Task brief: The reply should contain all the data below, repeated exactly, and none of the images.

Data supplied:
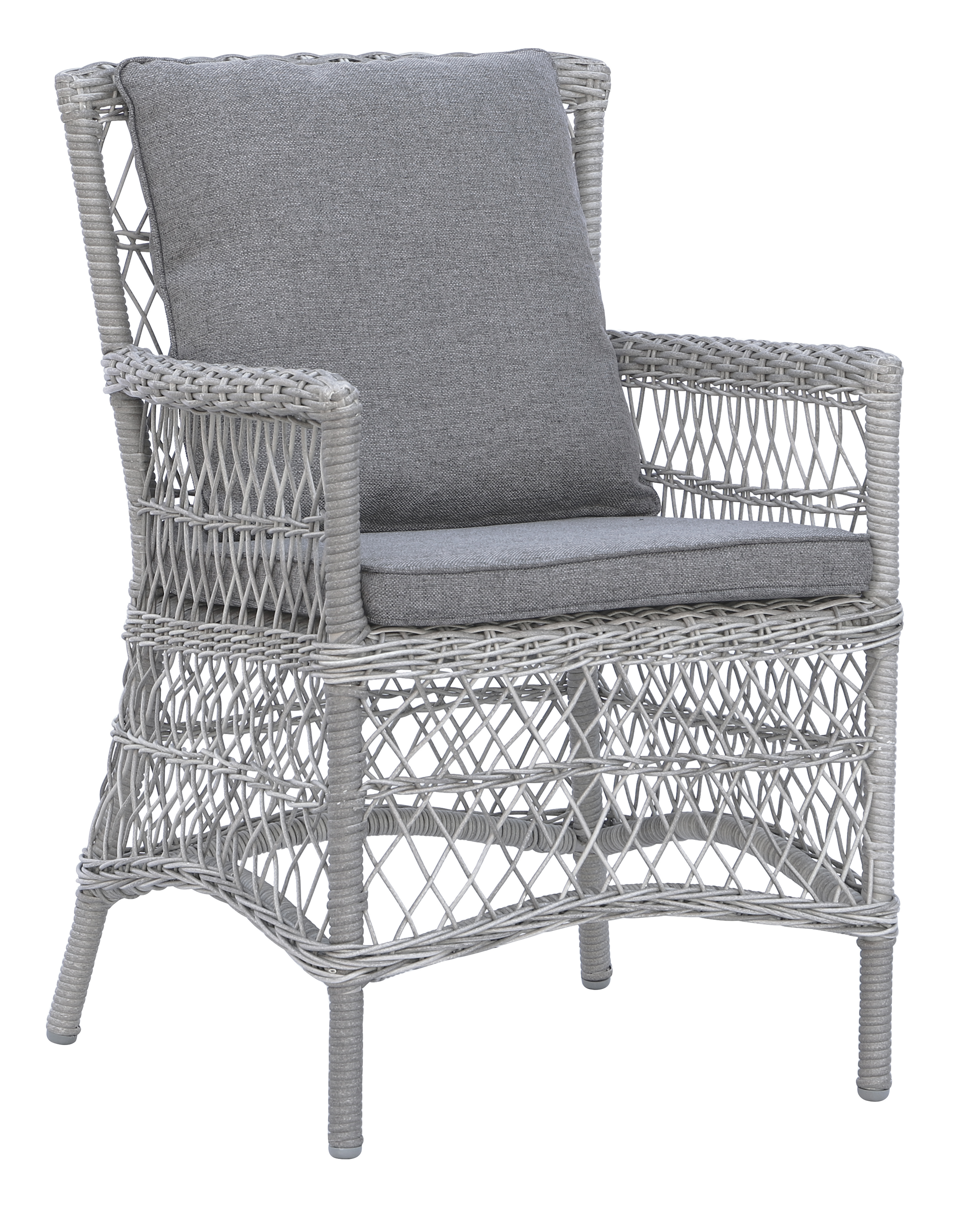 Matgruppen består av ett runt bord med stilren glasskiva och en robust aluminiumstomme i grå konstrotting, som passar både ute- och inomhusmiljöer. Till bordet hör bekväma sommarstolar med en luftig design i grå plastrotting och aluminium, utrustade med både rygg- och sittdyna för extra komfort. Bordet är från Jacksonville-serien och stolarna tillhör Provence-serien.
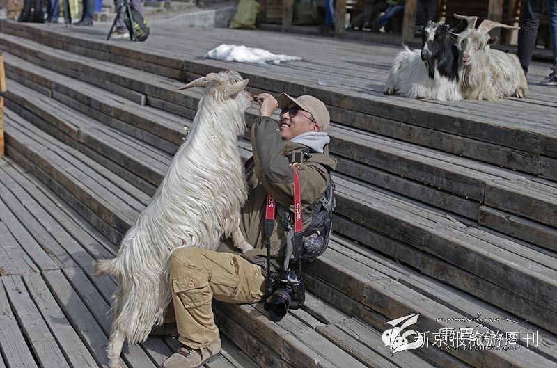 在神山腳下,佛教徒放生的一些山羊和游客親密無間。山區(qū)氣候多變,一場大雨突如其來。
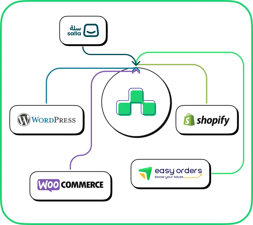 اربط بسهولة مع إيزي أوردرز، سلة، شوبيفاي، ووردبريس خلي شاطر يتعلم عن منتجاتك ويبدأ في زيادة مبيعاتك.
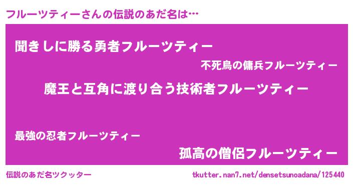 | 男性向けラノベタイトル風あだ名 | 『ノーゲーム・ノーフルーツティー』 |
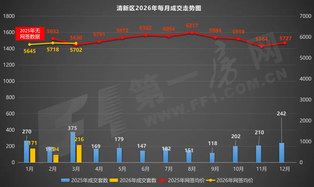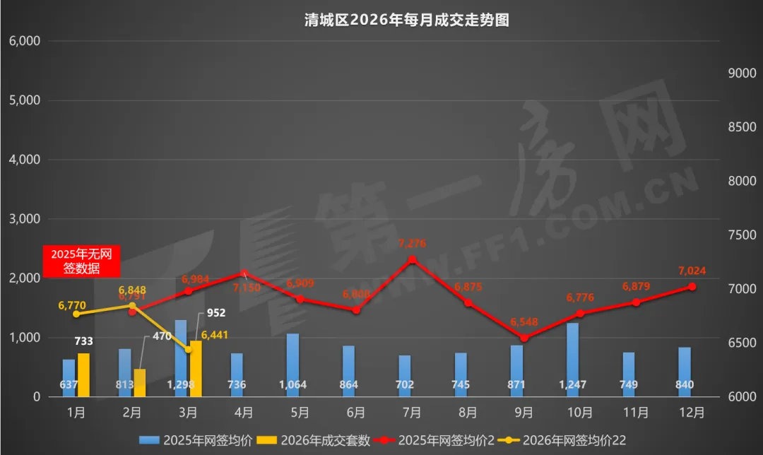 一手市场方面, 清城与清新两区网签套数分别环比暴涨 103% 与 130%,成交规模迅速扩大。与此同时,网签均价分别环比下降 6% 与 0.3%,表明开发商为促成交,以适度让利为主要去化手段,整体呈现“量升价稳”的健康发展态势。二手市场同样保持强劲增长,清城与清新的网签套数分别环比上涨 77% 与 65%,反映出刚需及改善型客群的入场意愿较强,二手房流通性显著改善。进入4月,随着传统淡季到来及3月高基数效应,市场热度预计将出现阶段性回落。*备注:数据来源于清远市商品房管理信息平台,由第一房网统计,仅供参考。
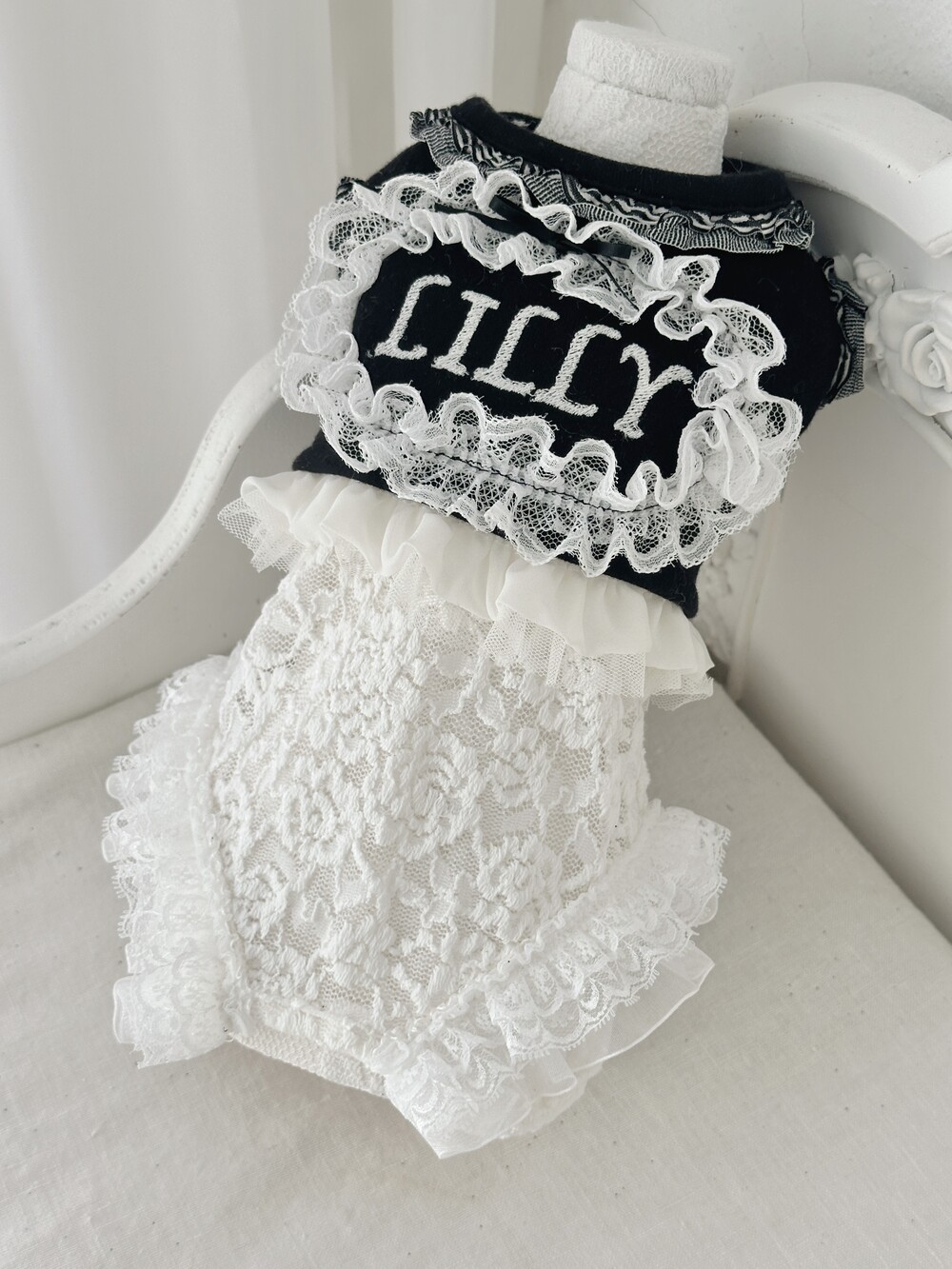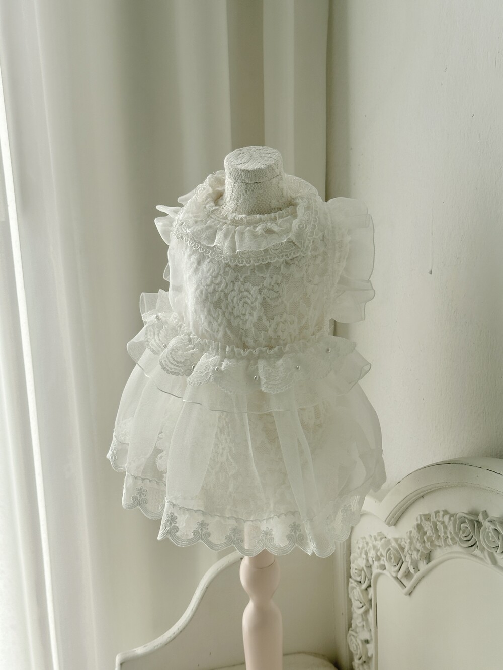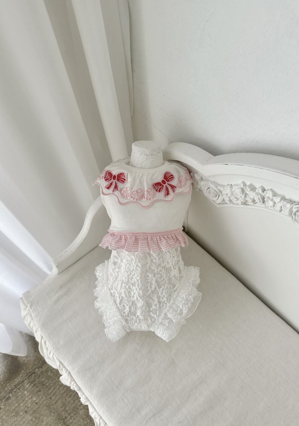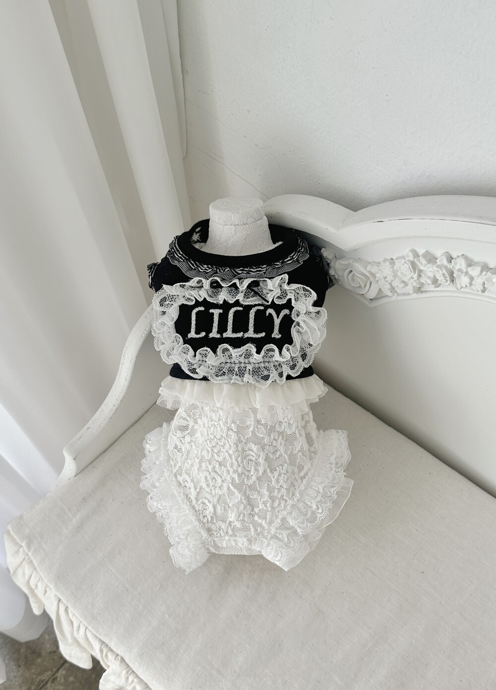- 밑단 레이스 + 오간자 프릴 레이어드

Response to the exercise:
 Matgruppen består av ett runt bord med stilren glasskiva och en robust aluminiumstomme i grå konstrotting, som passar både ute- och inomhusmiljöer. Till bordet hör bekväma sommarstolar med en luftig design i grå plastrotting och aluminium, utrustade med både rygg- och sittdyna för extra komfort. Bordet är från Jacksonville-serien och stolarna tillhör Provence-serien.
 在神山腳下,佛教徒放生的一些山羊和游客親密無間。山區(qū)氣候多變,一場大雨突如其來。
 اربط بسهولة مع إيزي أوردرز، سلة، شوبيفاي، ووردبريس خلي شاطر يتعلم عن منتجاتك ويبدأ في زيادة مبيعاتك.
 | 男性向けラノベタイトル風あだ名 | 『ノーゲーム・ノーフルーツティー』 |
 一手市场方面, 清城与清新两区网签套数分别环比暴涨 103% 与 130%,成交规模迅速扩大。与此同时,网签均价分别环比下降 6% 与 0.3%,表明开发商为促成交,以适度让利为主要去化手段,整体呈现“量升价稳”的健康发展态势。二手市场同样保持强劲增长,清城与清新的网签套数分别环比上涨 77% 与 65%,反映出刚需及改善型客群的入场意愿较强,二手房流通性显著改善。进入4月,随着传统淡季到来及3月高基数效应,市场热度预计将出现阶段性回落。*备注:数据来源于清远市商品房管理信息平台,由第一房网统计,仅供参考。
- 밑단 레이스 + 오간자 프릴 레이어드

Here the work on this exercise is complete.